From the beginning, I've approached all these Plane Shift projects as if I were tinkering in a workshop like the inventors of Kaladesh. I believe that some of the great beauty of Dungeons & Dragons comes from its tremendous flexibility, which includes not just the ability to make stuff up out of whole cloth, but also the ease with which you can take the existing pieces of the game apart and reassemble them into something new.
That approach of combining pieces of different rules to form new rules continues for Kaladesh. As one of the designers of the artificer class for Eberron back in 2003, I tinkered for a long time with possible designs for such a class in Kaladesh, but I ultimately came to a couple of important conclusions. First, invention on Kaladesh is fundamentally democratic—it's a skill anyone can learn, and it shouldn't be restricted to a single character class. And more importantly, designing an entirely new class is far beyond the scope of what I've set out to do in these articles.
The D&D team works like the Consulate: they take a serious approach to the job of crafting a class, testing it for balance, sharing it for public playtest, and fine-tuning it before final publication. I'm more like a renegade inventor (having left the D&D team for the Magic team a couple of years ago), fiddling around in my workshop and unleashing my inventions on the public without the same degree of safety testing. But with that said, the D&D team has just released an artificer class for playtesting, and you should feel free to tinker with that class to adapt it for your Kaladesh campaign.

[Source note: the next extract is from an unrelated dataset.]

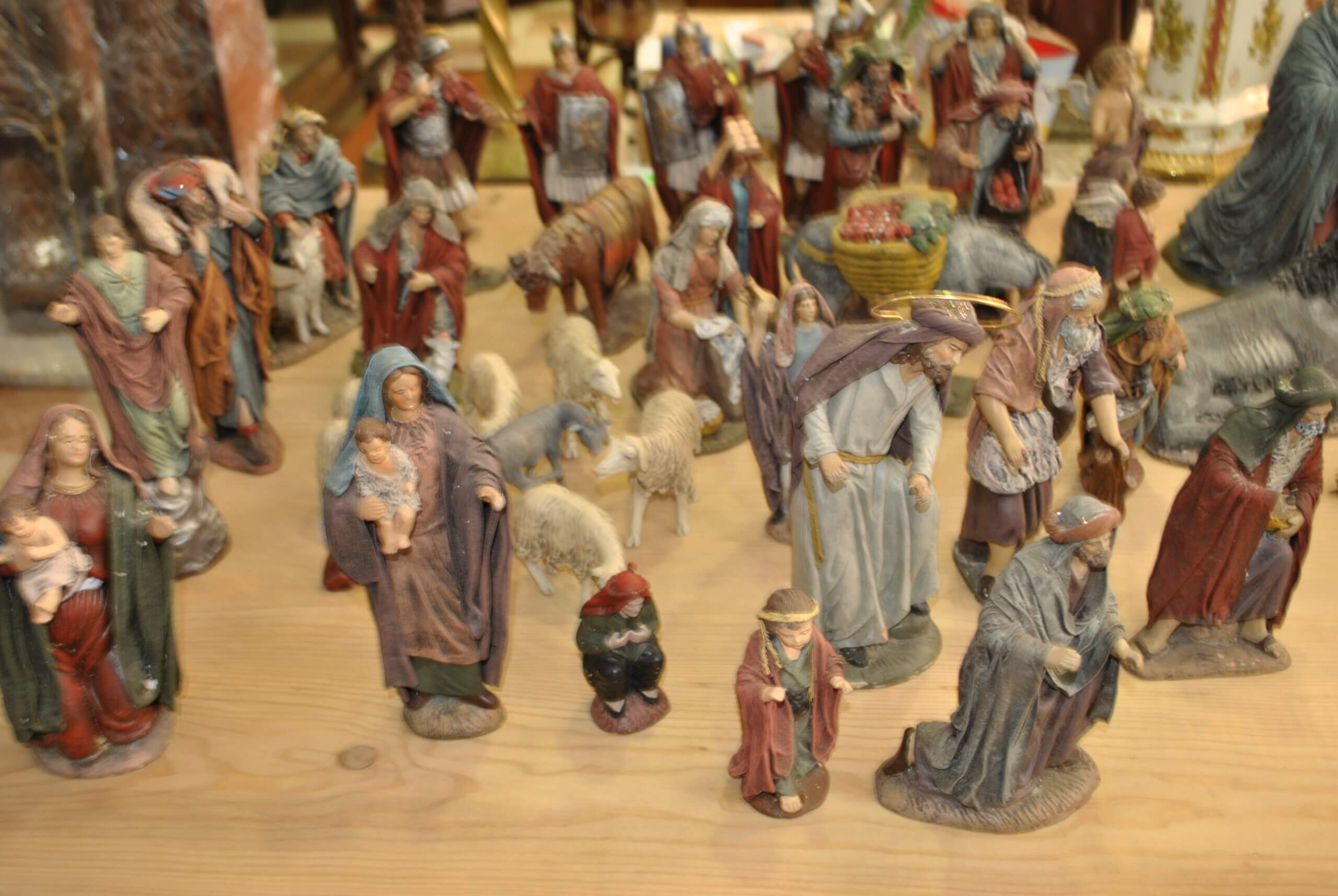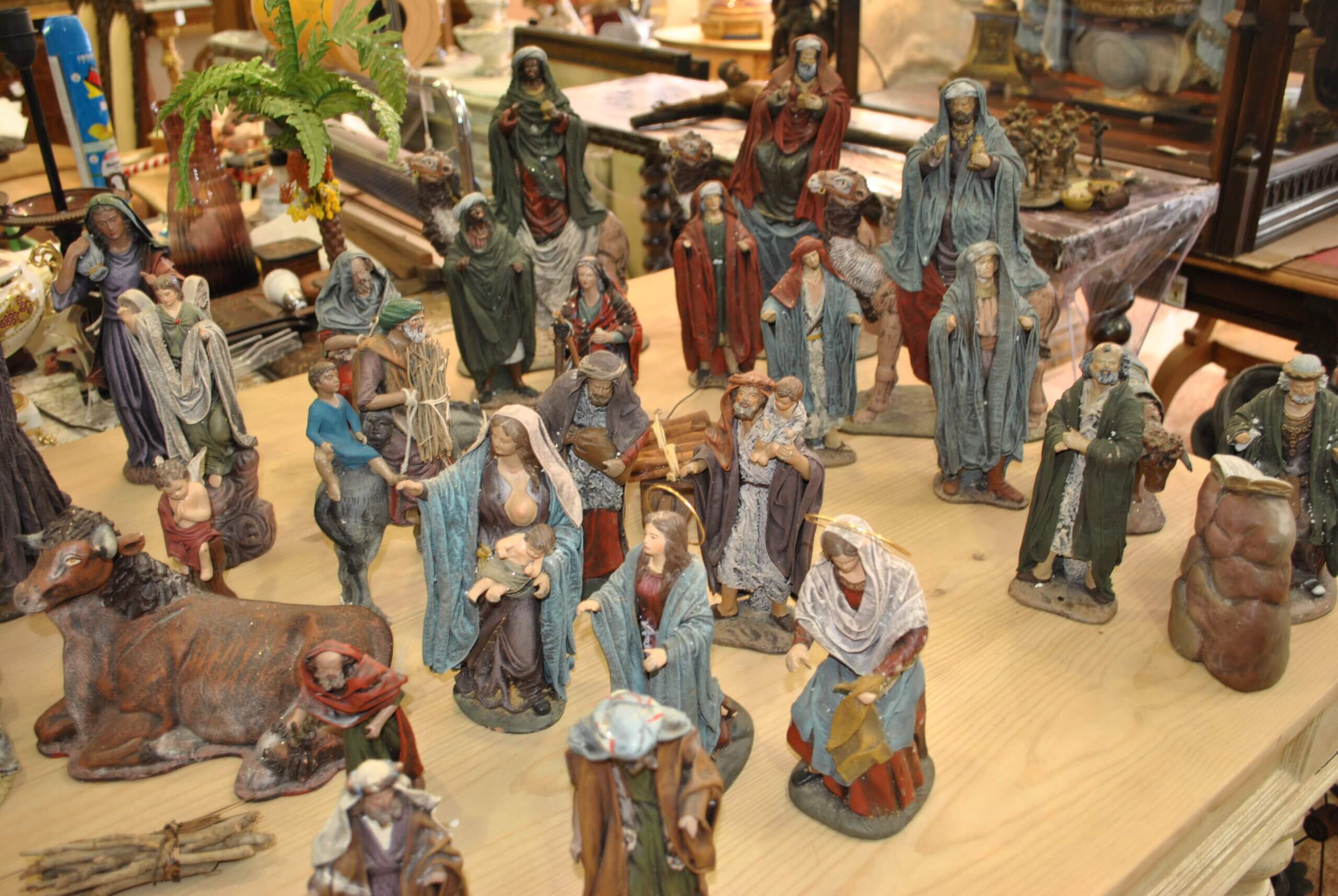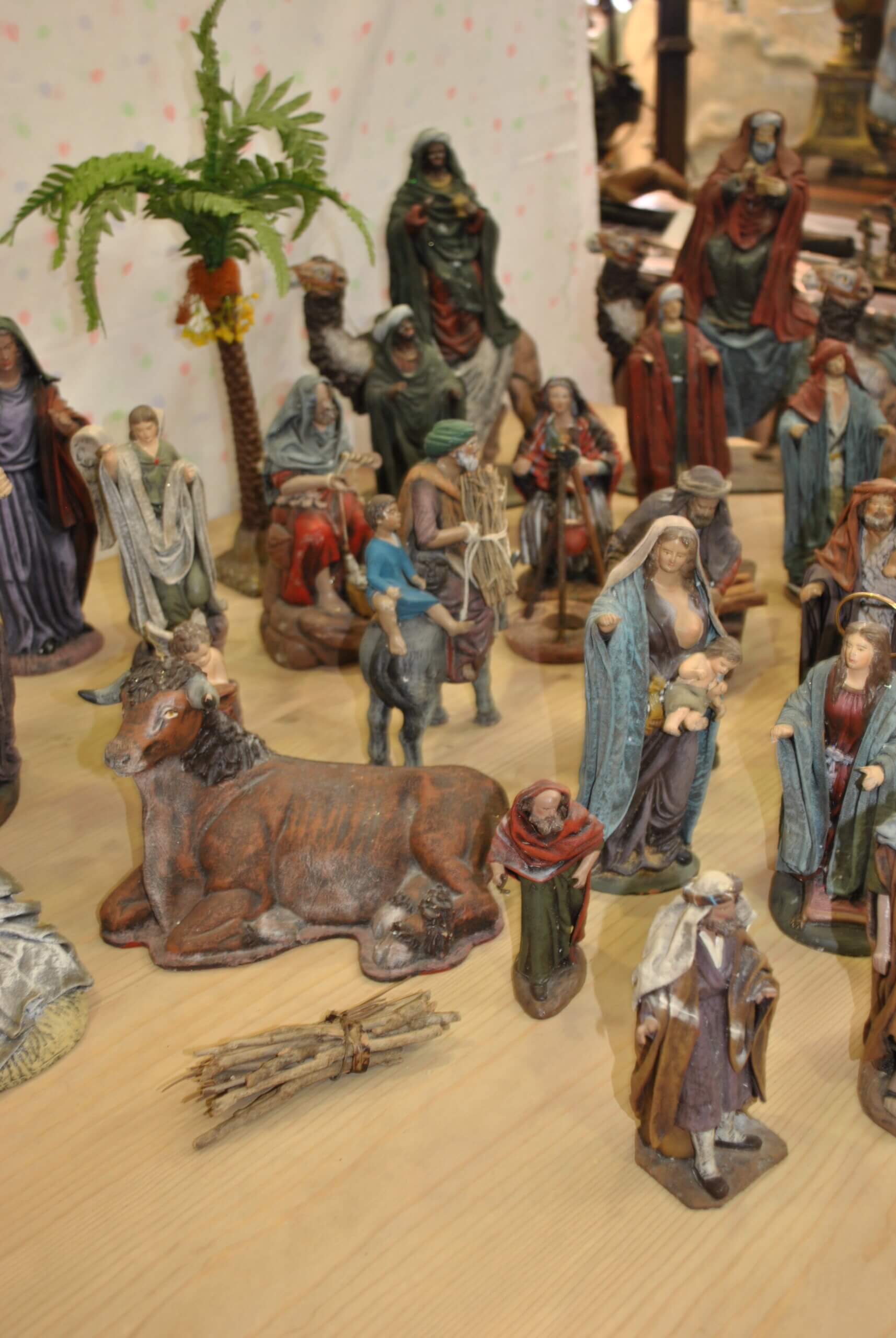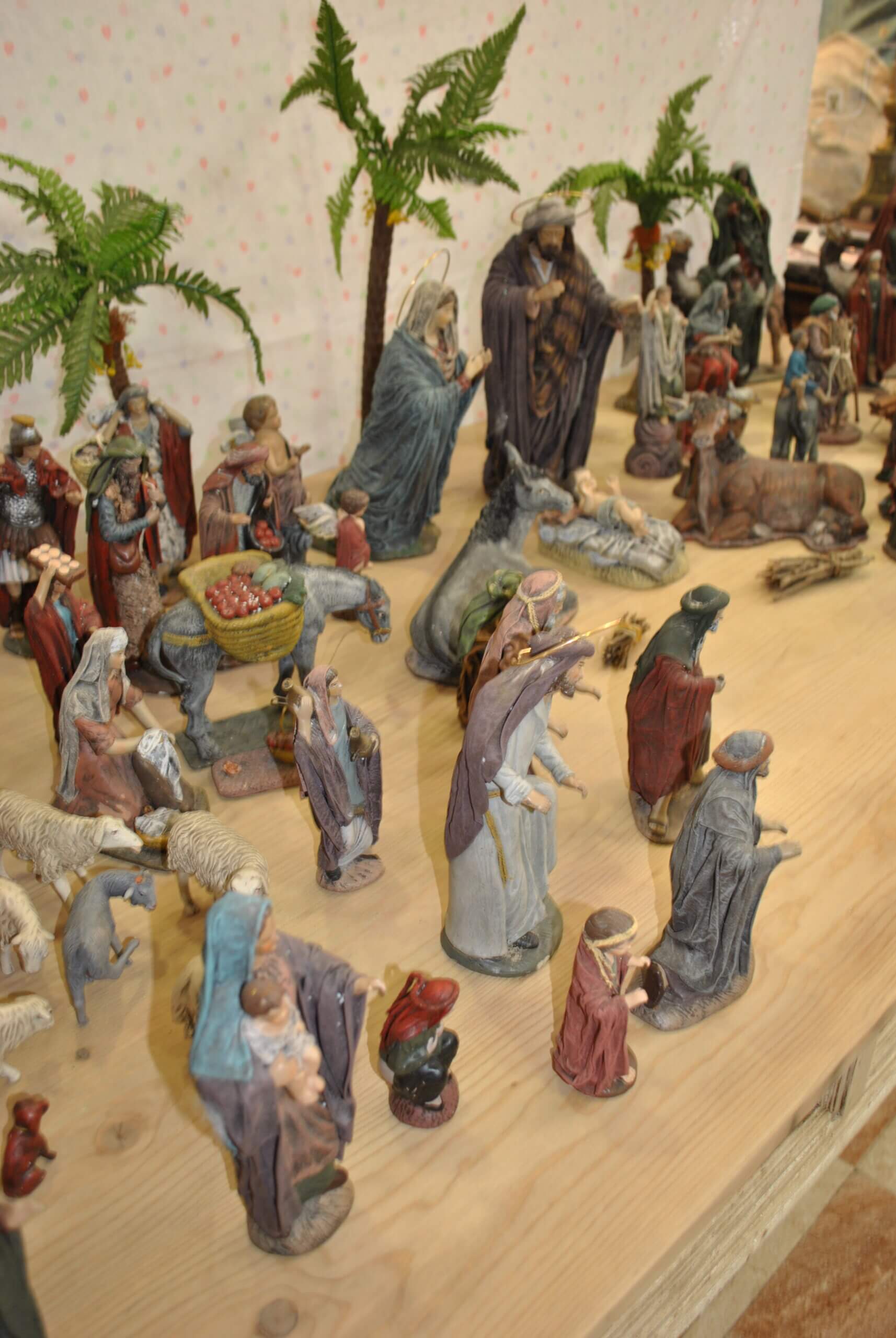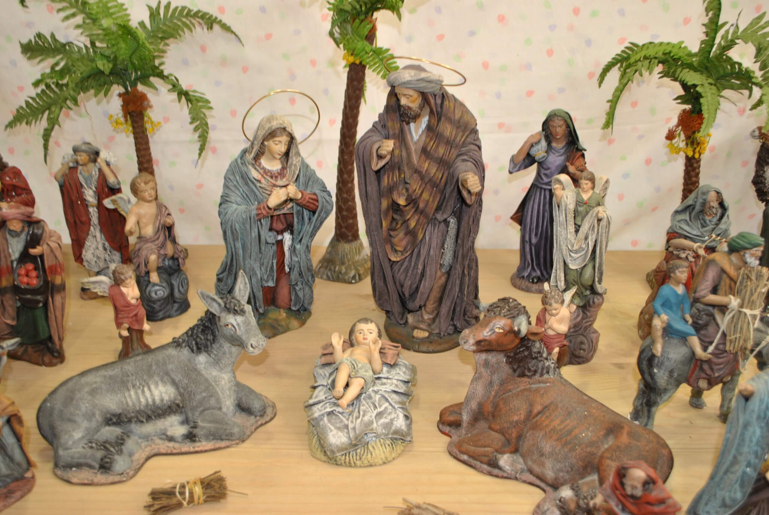 REF: 11880 – Magnífico belén artesanal compuesto por 72figuras policromadas pintadas a mano por J. Fernández con gran detalle, que incluyen la Sagrada Familia, los Reyes Magos con su séquito, pastores, aldeanos, animales y palmeras decorativas, todas dispuestas sobre una sólida mesa de madera maciza con acabado envejecido en blanco decapado. Las figuras, de entre 12 y 28 cm de altura, destacan por su realismo y expresividad, convirtiendo este conjunto en una pieza única ideal para coleccionistas, decoración de iglesias, capillas o espacios religiosos, así como para realzar escaparates y salones durante la Navidad.

Of course, you'll find a lot of information about aether-powered devices and invention in this document, in keeping with the spirit of Kaladesh. But it's more along the lines of rearranging the building blocks and altering the appearance of existing magic items, rather than creating a lot of new things. If you want your character to look like the guy on the Dispersal Technician card, just give him a ring of the ram.
As always, the starting point for this document was The Art of Magic: The Gathering—Kaladesh. This document is designed to help you turn that book's adventure hooks and story seeds into a resource for your campaign with a minimum of changes to the fifth edition of the D&D rules, which you can find here. And even without the book, you can find lore about Kaladesh on the Magic web site.
Happy inventing!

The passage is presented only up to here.